Postautor: kapsel85 » 22 mar 2006, o 16:26

wymienie najpierw to co mam, czyli bez kondensatorów i zobacze

[ Dodano: 22-03-2006, 15:31 ]
czy takie napięcie na 9 nóżce może mieć wpływ na działanie wzmacniacza tak jak u mnie?

Awatar użytkownika
end
admin
admin
Posty:4977
Rejestracja:7 maja 2003, o 11:18
Lokalizacja:Jedlina Zdrój
Kontaktowanie:

Postautor: end » 22 mar 2006, o 16:44

wymienie najpierw to co mam, czyli bez kondensatorów i zobacze

[ Dodano: 22-03-2006, 15:31 ]
czy takie napięcie na 9 nóżce może mieć wpływ na działanie wzmacniacza tak jak u mnie?
Trudno stwierdzić, nigdy nie miałem takiego przypadku...
Ważne jest, aby na nóżkach 9 i 10 uzyskać odpowiednie napięcie podane w nocie katalogowej TDA7294.
Uszkodzenie w obwodzie MUTE może powodowac taki cyrk.

kapsel85
-
-
Posty:161
Rejestracja:24 paź 2005, o 11:30
Lokalizacja:Białystok

Postautor: kapsel85 » 22 mar 2006, o 16:54

przelutowałem i nic :/ nadal to samo. Napięcie stałe między 10 i gnd to 2,8 a między gnd i 9 to niestety 25,7V


ja chyba dzięki temu wzmacniaczowi poznam tda od podszewki


wlutowałem rezystor i między nim a gnd jest 38V coś nie tak :/


hmm a z tym przydźwiękiem... Wydaje mi się, że jakby szczyty sinusoid pierdziały w głośniku i dlatego wraz z maleniem częstotliwości stukanie staje się wolniejsze.
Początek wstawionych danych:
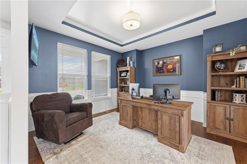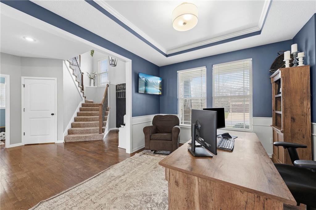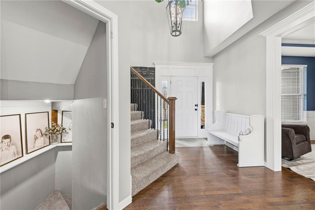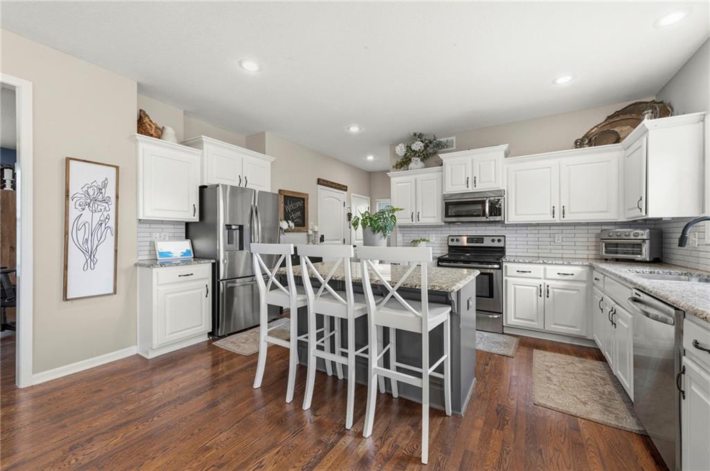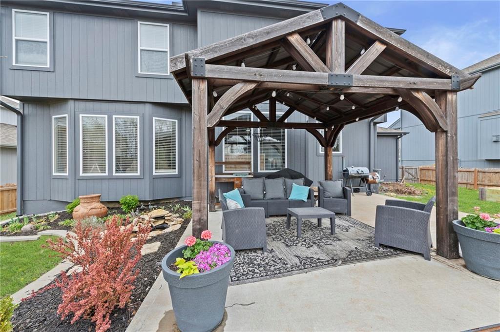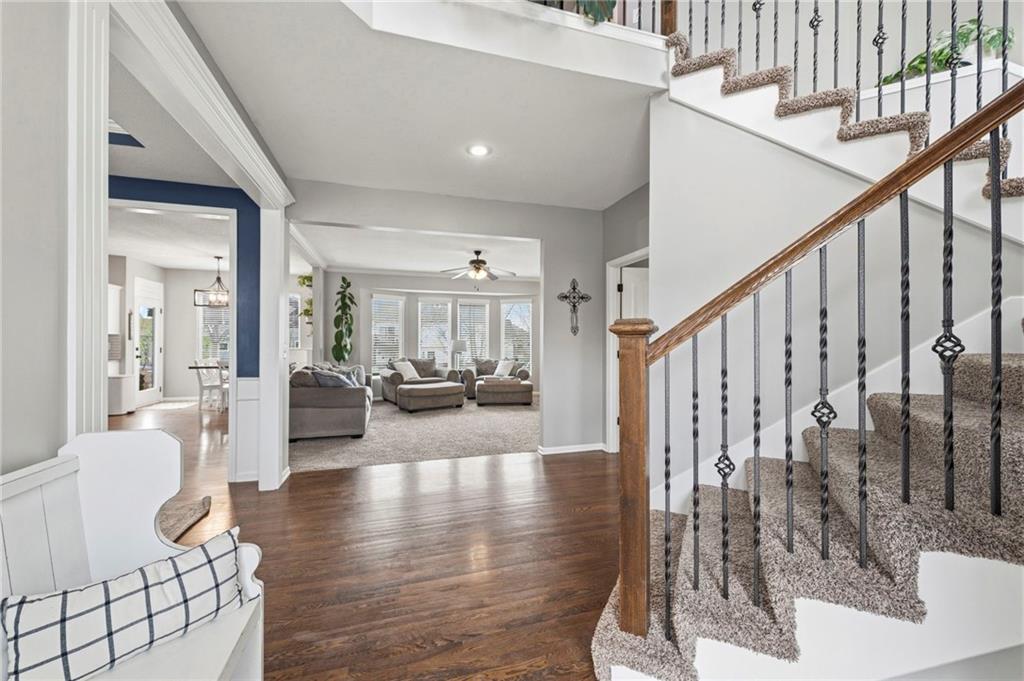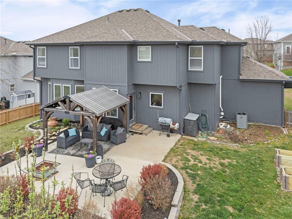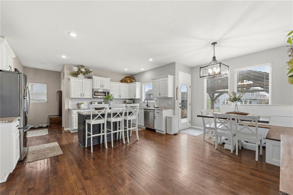 Why wait for a new build and pay more to get less? This 4-bedroom, 3.5-bath, 3-car garage home offers a spacious, open layout with ideal updates and is ready now! The beautifully updated kitchen features hardwood flooring, stainless steel appliances, granite countertops, an eat-in area with custom, built-in seating and table, and a large walk-in pantry. Just off the kitchen, enjoy a bright living room with fireplace and custom built-ins, plus a versatile dining room or office and convenient half bath. Upstairs, you’ll find the incredible primary suite featuring large ensuite and massive closet. Down the hall there are three additional bedrooms, a jack-and-jill bath, an additional full bath, and the convenience of second-floor laundry! The finished basement provides excellent additional living space with a bar area, under-stair play nook, a non-conforming bedroom or flex room, and plenty of storage space w/egress window. Step outside to a level backyard with mature landscaping and plenty of room for entertaining. Located just a short walk from neighborhood amenities including the pool, park, walking trails, and Lake Olathe. To make this even better, the roof and mechanicals are nearly new as well! A true full-package home—don’t miss it! Be sure to check out the virtual tour to fully appreciate the layout and space. Schedule your showing today.

[ Dodano: 22-03-2006, 21:03 ]
podedukowałem trochę, pomyślałem. Mówiłeś, że na 10 i 9 ma być od 1,5 do 3,5V to podłączyłem to napięcie co idzie na nóżkę 10, czyli 2,9V , do nóżki 9. Włączyłem wzmacniacz i to dopiero był przydźwięk. :) muzykę było bardzo słabo słychać, a najbardziej to burczenie. Cały czas zastanawiam się co może być przyczyną tego, że słychać te stuki w głośniku.
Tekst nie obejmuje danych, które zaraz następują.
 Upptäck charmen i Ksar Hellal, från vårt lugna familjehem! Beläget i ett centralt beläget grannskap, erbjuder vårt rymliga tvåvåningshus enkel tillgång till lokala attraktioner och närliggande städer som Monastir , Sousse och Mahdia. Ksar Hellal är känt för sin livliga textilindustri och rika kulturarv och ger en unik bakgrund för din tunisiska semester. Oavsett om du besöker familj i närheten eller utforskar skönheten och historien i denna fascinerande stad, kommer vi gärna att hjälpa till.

Mówiłeś, żeby nie przesterowywać wzmacniacza... Podłączałem pod niego 8ohm ok 70-100W głośnik i przy wychuleniu rzedu 3mm (w jedną stronę, czyli xmax :P) zaczynało się stykanie. Wtedy sprawdzałem napięcie zmienne na głośniku i wynosiło 3V, a stałe 0,2V. Sprawdziłem wtedy napięcie wejściowe i było coś ok 0,3V. Czytałem, że na wyjściu nie może być powyżej 35V a napięcie wejściowe nie może przekraczać 1,732V. Jak widać u mnie dużo jeszcze barkuje...

Już się nie denerwuje, że nie gra tak jak chcem. Nie mam już na to sił. Teraz się śmieje z tego... Ale stale mam nadzieję, że wreszcie ładnie zagra...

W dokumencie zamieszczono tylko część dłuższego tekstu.